**REQUIREMENT**
In the listing below, find the line with "This seating chart" and the line with "Los autores conciben", then return them and every line between them exactly, minus the pictures.

━━━━━ DATASET CONTENT ━━━━━

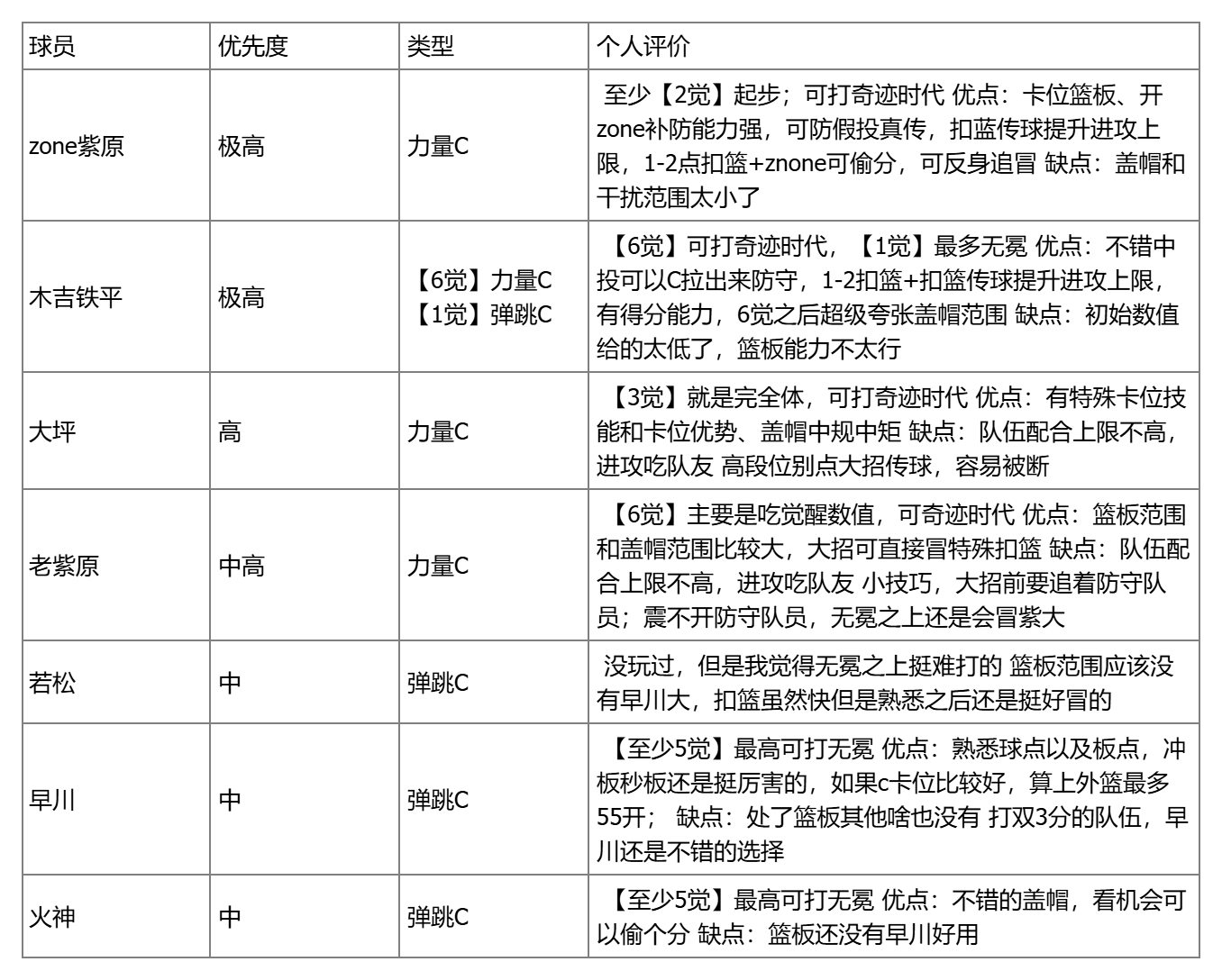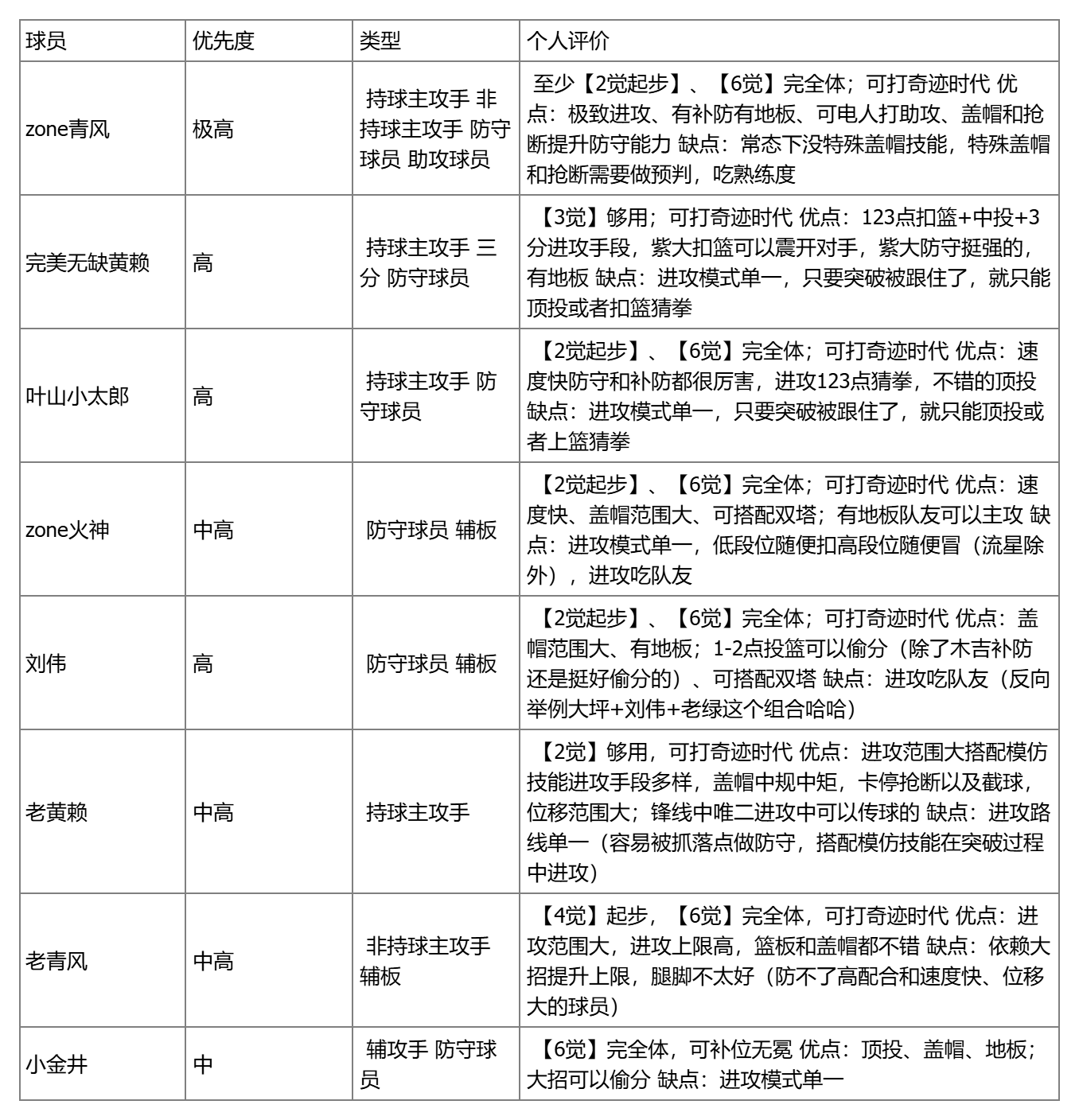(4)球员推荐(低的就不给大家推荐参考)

━━━━━
━━━━━ DATASET CONTENT ━━━━━

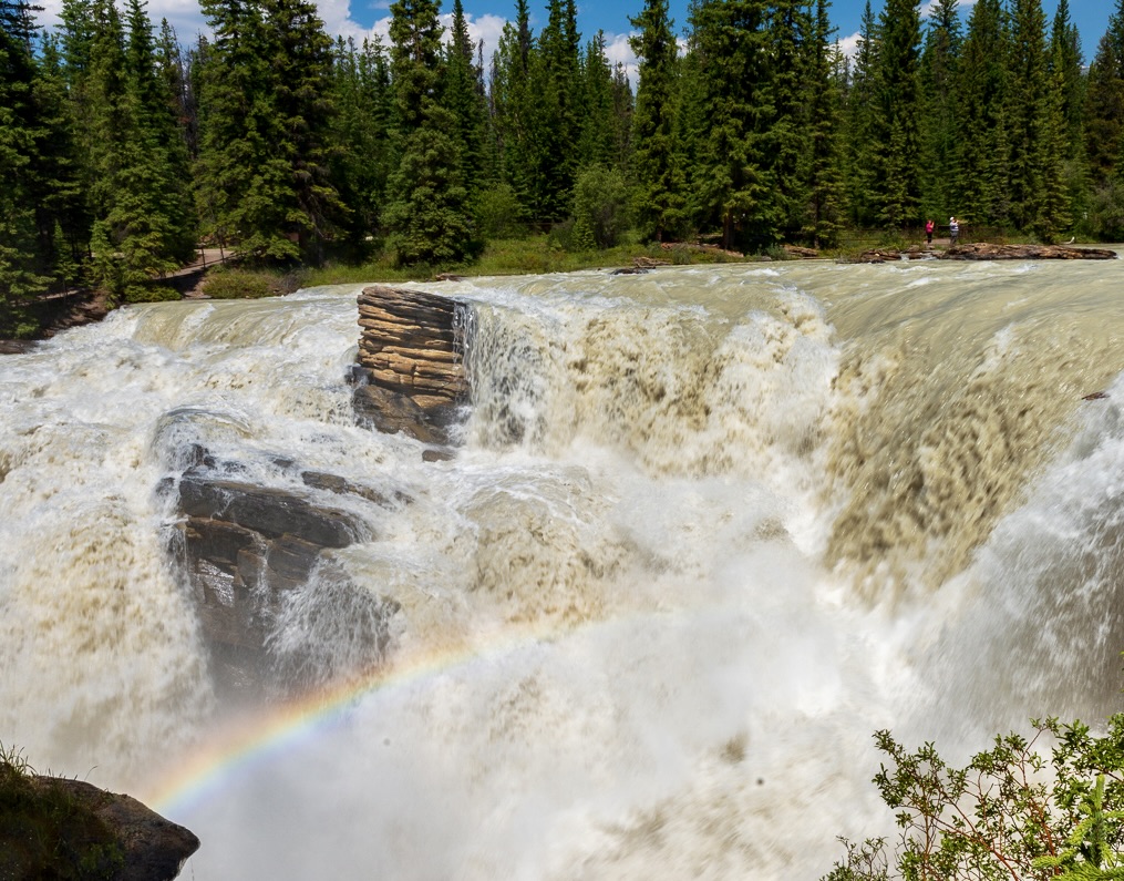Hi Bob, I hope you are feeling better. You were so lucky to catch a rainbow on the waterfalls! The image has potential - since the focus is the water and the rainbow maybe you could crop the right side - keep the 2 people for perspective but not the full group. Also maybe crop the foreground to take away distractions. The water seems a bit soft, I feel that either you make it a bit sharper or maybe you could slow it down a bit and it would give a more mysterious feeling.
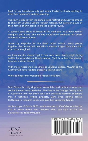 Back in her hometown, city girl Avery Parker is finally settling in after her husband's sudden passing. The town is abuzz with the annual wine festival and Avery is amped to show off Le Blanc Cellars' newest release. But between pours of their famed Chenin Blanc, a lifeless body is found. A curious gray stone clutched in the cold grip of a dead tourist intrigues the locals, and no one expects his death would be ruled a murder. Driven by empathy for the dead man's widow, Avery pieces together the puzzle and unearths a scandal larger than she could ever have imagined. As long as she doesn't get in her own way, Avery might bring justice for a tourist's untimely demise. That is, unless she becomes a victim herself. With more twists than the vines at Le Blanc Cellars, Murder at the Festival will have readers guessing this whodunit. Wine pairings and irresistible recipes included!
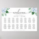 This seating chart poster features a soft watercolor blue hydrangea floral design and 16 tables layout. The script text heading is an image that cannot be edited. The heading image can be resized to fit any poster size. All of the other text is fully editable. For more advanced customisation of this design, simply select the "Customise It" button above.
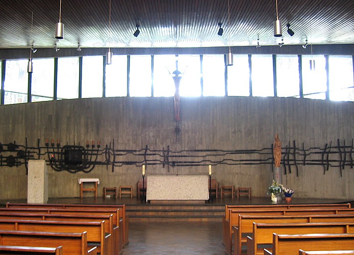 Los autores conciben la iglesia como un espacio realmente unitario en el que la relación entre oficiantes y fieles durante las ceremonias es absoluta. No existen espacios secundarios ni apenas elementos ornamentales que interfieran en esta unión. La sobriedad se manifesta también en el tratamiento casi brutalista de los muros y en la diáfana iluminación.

━━━━━

**TASK SOLUTION**
 This seating chart poster features a soft watercolor blue hydrangea floral design and 16 tables layout. The script text heading is an image that cannot be edited. The heading image can be resized to fit any poster size. All of the other text is fully editable. For more advanced customisation of this design, simply select the "Customise It" button above.
 Los autores conciben la iglesia como un espacio realmente unitario en el que la relación entre oficiantes y fieles durante las ceremonias es absoluta. No existen espacios secundarios ni apenas elementos ornamentales que interfieran en esta unión. La sobriedad se manifesta también en el tratamiento casi brutalista de los muros y en la diáfana iluminación.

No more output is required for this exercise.